Exercise data:
--- START ---

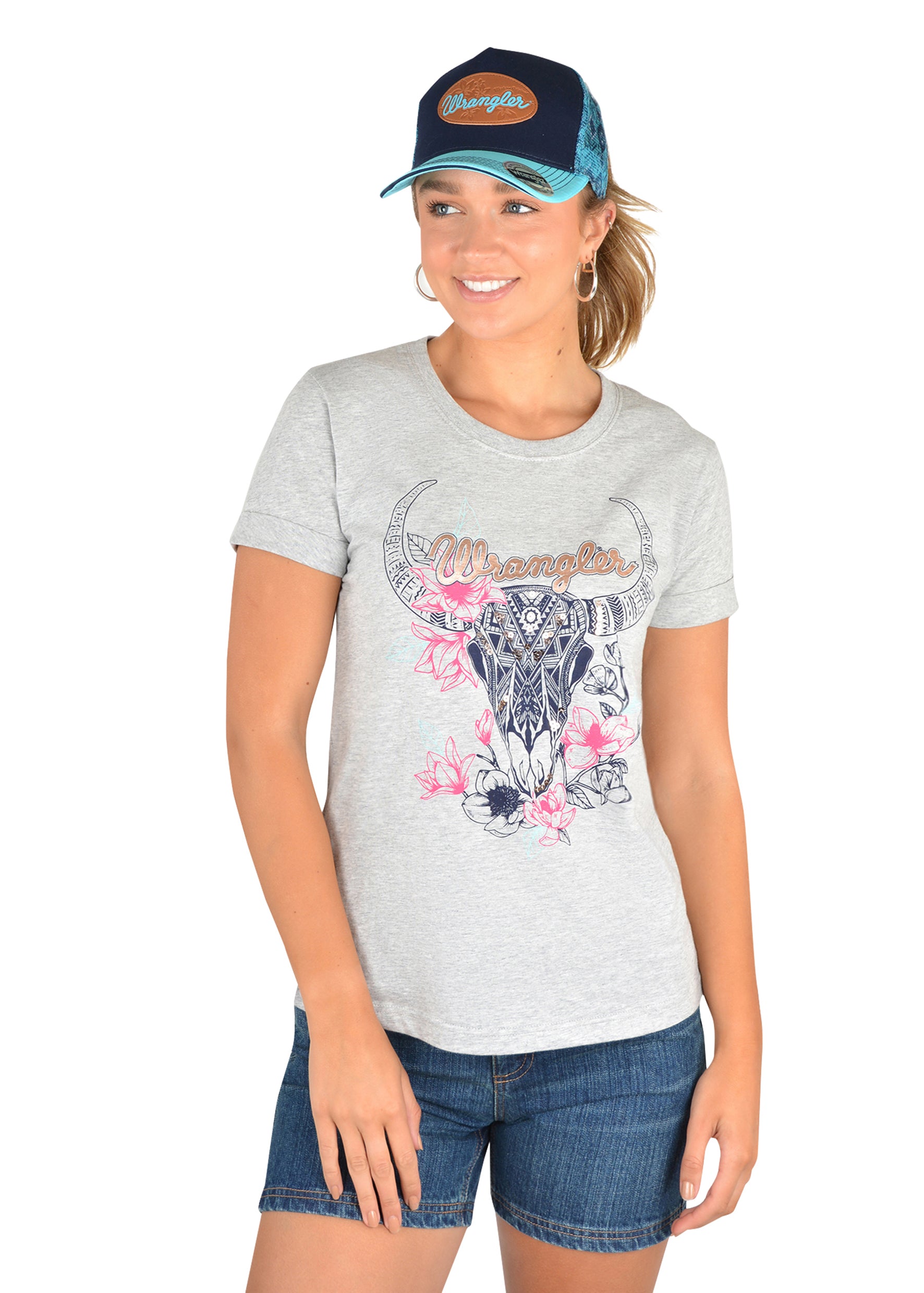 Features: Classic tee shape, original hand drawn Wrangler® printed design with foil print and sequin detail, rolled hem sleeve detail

--- END ---
--- START ---

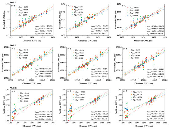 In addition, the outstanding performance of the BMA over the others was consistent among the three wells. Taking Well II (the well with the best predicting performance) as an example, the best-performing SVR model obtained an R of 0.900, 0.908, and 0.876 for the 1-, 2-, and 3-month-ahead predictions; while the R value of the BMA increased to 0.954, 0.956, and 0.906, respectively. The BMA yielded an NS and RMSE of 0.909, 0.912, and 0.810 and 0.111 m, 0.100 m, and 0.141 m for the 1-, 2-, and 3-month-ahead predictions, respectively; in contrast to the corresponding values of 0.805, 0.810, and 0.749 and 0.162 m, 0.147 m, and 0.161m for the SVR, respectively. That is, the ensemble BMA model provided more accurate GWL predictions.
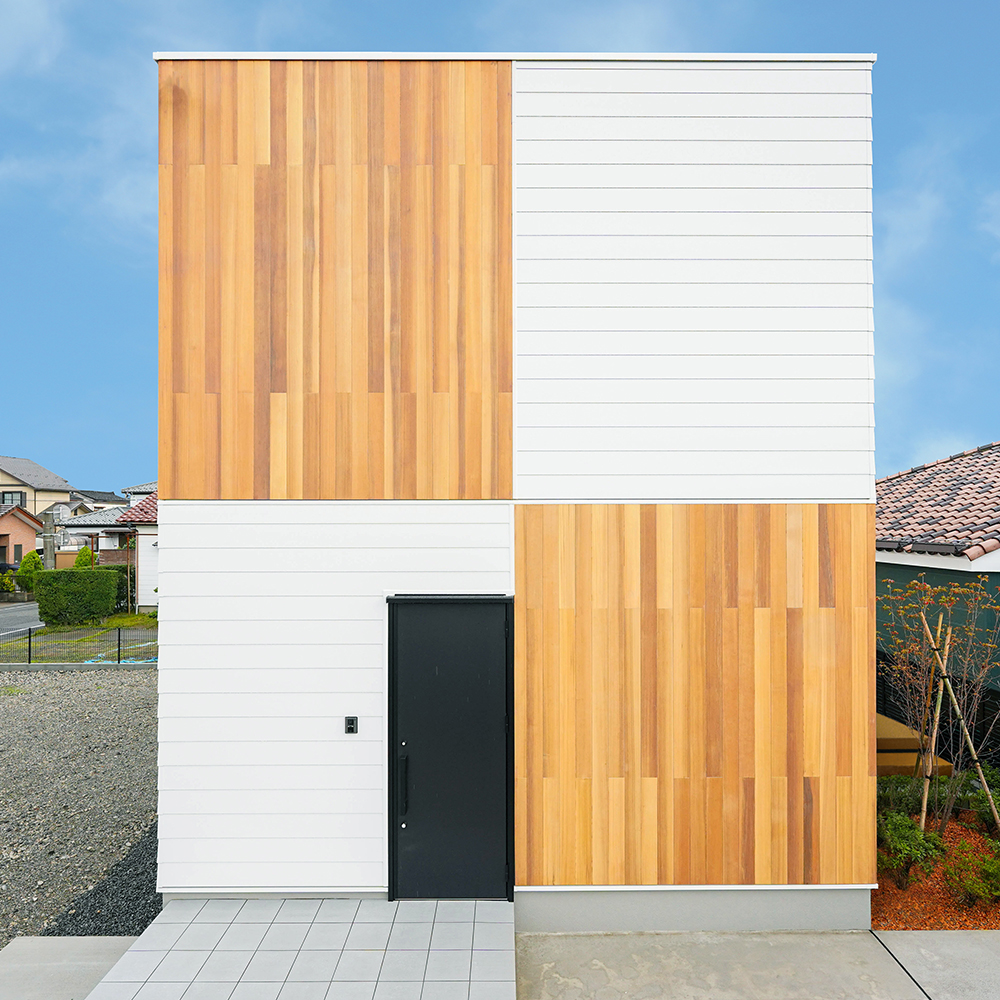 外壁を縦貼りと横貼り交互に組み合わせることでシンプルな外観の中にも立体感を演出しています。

--- END ---

Exercise goal: Extract, without any images, the part of the material above that opens with the line containing "In addition, the" and closes with the line containing "外壁を縦貼りと横貼り交互に組", both lines included.

Task solution:
 In addition, the outstanding performance of the BMA over the others was consistent among the three wells. Taking Well II (the well with the best predicting performance) as an example, the best-performing SVR model obtained an R of 0.900, 0.908, and 0.876 for the 1-, 2-, and 3-month-ahead predictions; while the R value of the BMA increased to 0.954, 0.956, and 0.906, respectively. The BMA yielded an NS and RMSE of 0.909, 0.912, and 0.810 and 0.111 m, 0.100 m, and 0.141 m for the 1-, 2-, and 3-month-ahead predictions, respectively; in contrast to the corresponding values of 0.805, 0.810, and 0.749 and 0.162 m, 0.147 m, and 0.161m for the SVR, respectively. That is, the ensemble BMA model provided more accurate GWL predictions.
 外壁を縦貼りと横貼り交互に組み合わせることでシンプルな外観の中にも立体感を演出しています。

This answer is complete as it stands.